At least Anderson himself is honest, admitting in interviews that The Master came about partly as a result of writing a character in search of a story.  Here's what he told The San Francisco Chronicle: "I was just sort of messing around writing, and then about four or five years ago, I started becoming more specific, 'What is this? Where are these pieces going?'"

Apparently he never did find out, and for nearly two and a half hours The Master moves at a glacial pace, partly proving Einstein right: Those two and a half hours feel very different in the theater than they might in any other activity.  Finally, it comes to a conclusion, or at least a final scene, about as pointless as one of the pseudo-psychological exercises that are the core of The Cause, the pseudo-psychological cult at the center of The Master.

The character Anderson wrote is certainly a vivid one, a pained loser so emotionally scarred by his experiences in the South Pacific during World War II that he's addicted to sex and to alcohol-like concoctions (formaldehyde, Lysol, paint thinner, whatever happens to be close by).  After one of his cocktails nearly kills a man, on-the-lam Freddy literally stumbles onto a yacht chartered by Lancaster Dodd, a charismatic crackpot who has started a small cult that bears more than a passing resemblance to Scientology.  Dodd believes an astonishing number of random things -- that humans are trillions of years old, that answering a bizarre series of unconnected questions will help you become a better person, and that people should call him "Master" when they address him.

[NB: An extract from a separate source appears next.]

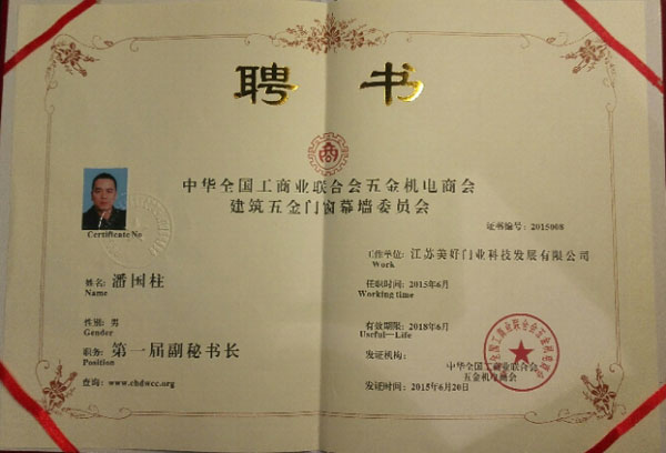 全國工商聯五金建筑門窗委員會副秘書長
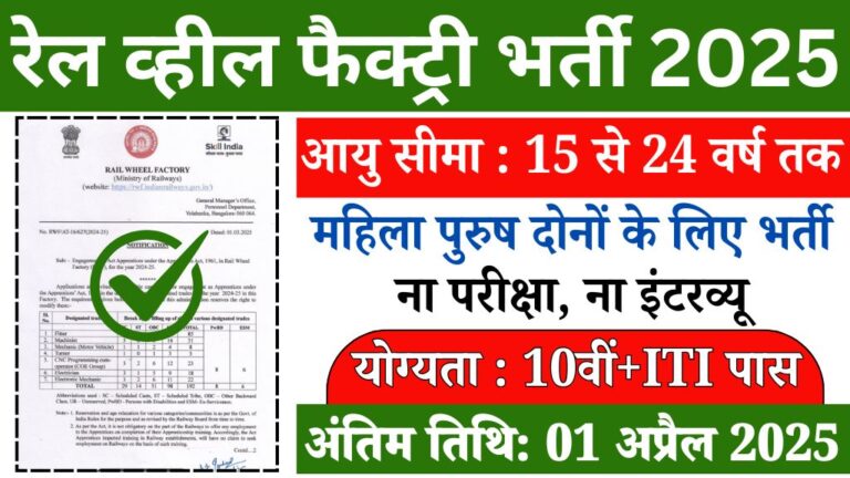 WhatsApp Group Join Now Telegram Group Join Now रेल व्हील फैक्ट्री भर्ती 2025:रेल व्हील फैक्ट्री में 10वीं पास अभ्यर्थियों के लिए बिना परीक्षा भर्ती का नोटिफिकेशन जारी कर दिया गया है। इस भर्ती के तहत 192 पदों पर नियुक्ति की जाएगी। ऑनलाइन आवेदन प्रक्रिया 1 मार्च 2025 से शुरू हो चुकी है और अंतिम तिथि … Continue reading Rail Wheel Factory Vacancy: रेल व्हील फैक्ट्री भर्ती का 10वीं पास के लिए बिना परीक्षा नोटिफिकेशन जारी

Dodd is played with winning appeal and an uncomfortable gaze by Philip Seymour Hoffman, while Joaquin Phoenix is Freddy -- delivering a performance that is either uncompromising or a goofy riff on his David Letterman performance-art appearance; take your pick, either definition works.

In smaller, no-less-off-kilter roles are Amy Adams as Dodd's wife, and Laura Dern as a wealthy acolyte.  Neither female performance amounts to much -- throughout the movie, women are either sexual partners or irritating nuisances, or both.  The only two characters that matter to any degree are Dodd and Freddy, and it's their interplay that is, I guess, supposed to be enlightening.

But about what?  The Master offers no insight into the origins or precepts of Scientology -- er, The Cause -- doesn't have much of a perspective on whether it's helpful or harmful to Freddy, and shies away from the moments that might have been most illuminating.  Freddy may be simple-minded, but does he really believe that his problems were "implanted" in his soul millions of years ago?  What must he think when he comes to the conclusion that his Master is a sham?  For that matter, what of Dodd's adherents, who do, at various points in the movie, offer up their own questions?

As much as I appreciate the ambitious melodrama of Magnolia, the discomfiting sleaze of Boogie Nights and (to a much lesser degree) the bizarre epic of There Will Be Blood, nothing in The Master works this time around.  This is a plodding bore of a movie, one whose 65mm photography and meticulous set design can't save.

This is not an exploration of a cult, an examination of a religion, a story of two lonely men who make a connection, a survey of 1950s morality, a closely observed character study, or ... well, that's the problem: It's way too easy to define all the things The Master is not rather than anything that it actually is.  Except, maybe, it's upside down.  That wouldn't excuse it, but it would explain some things.